Until a few decades ago, making popcorn at home in a frying pan with a bit of oil or butter was the only way to cook popcorn, but with modern times comes modern invention, including industrial size popcorn poppers and the at home versions of air poppers. While the choice of whether to use an air popper or to pop your corn is entirely yours, each has distinct advantages and disadvantages.  

Air Poppers
Popping popcorn using air poppers is a newish trend that got its start around the decade of the 70s. While early models of air poppers were available before then, it wasn’t until the mid 70s that they become efficient, easy enough and cheap enough so that the “regular” family could have one at home. Air popped popcorn is distinct:

  • •    It pops clean and contains less fat
  • •    It pops up bigger kernels

Stove Methods
Heating up a frying pan and adding the oil of your choice – about a quarter inch’s worth -  and then adding the kernels is all it takes to pop some of the best tasting popcorn you’ll ever eat. The traditional method for popping corn, using this method is simple, but it could be dangerous where children are involved, so make sure there are adults around when popping.

Which Popcorn Tastes Better?
Oil popping your popcorn on the stove is indeed an all-American favorite.
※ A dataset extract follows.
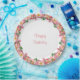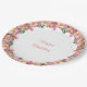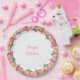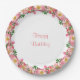 Pink flower garland on white Happy Birthday Paper Plate. Text can be personalised for other events!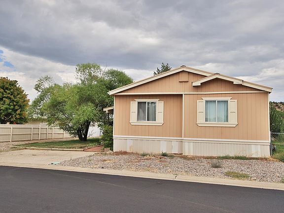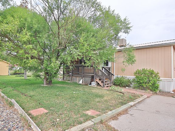 Find this 3 bedroom, plus multi-use room, 2 bath manufactured home located in a kid/pet friendly community within minutes of the I-70 corridor in Rifle, CO. Home is located on a rented landscaped lot with mature shade trees and shrubs. Concrete parking pad and brick walkway lead to the covered porch. Step into an open concept floor plan with high rise ceilings and natural light. Spacious living/dining area. Kitchen with all appliances included and a breakfast nook. Master bedroom with walk in closet, full bath with garden tub, and step in shower. 2 additional bedrooms offer comfortable space for guests or a growing family. Multipurpose room can be used for any need such as an office, hobby room or exercise area. Carpet and linoleum throughout. Forced air gas heat and evaporative cooler. 5x10 storage shed for all the extras. Close to shopping, parks, recreation and more in the historic town of Rifle on the western slope of Colorado. Enjoy all the recreation Colorado has to offer and return to this cozy home.

If you ask any kid, which they like better according to taste, the oil popped popcorn cooked on the stove in a frying pan almost always wins over air popped. Why? Because of the fat in which the kernels are popped. To most cooks, fat means flavor, and flavor is not something an air popper can offer because of the way the poppers are used.

When you cook popcorn on the stove in a frying pan, you add the fat of your choice – butter in most cases – and the kernels soak in that fat. The kernel only pops when  it has sit in the fat long enough for it to get hot enough to produce the required steam pressure. While it pops, it absorbs some of the oil the kernel sat in, which is what translates to the flavor.

On the other hand, an air popper uses hot air for the popping process. The popper heats up the air, which in turn heats up the moisture inside the kernels, and when enough steam builds up, the kernels pop. No fats are needed for this process, and as such, the kernels are dry when they pop, and there are no flavors to retain.

Simply stated – using a fat means you get flavor while using an air popper means you don’t, although you can add a fat after the kernels are popped, but this can cause them to wilt.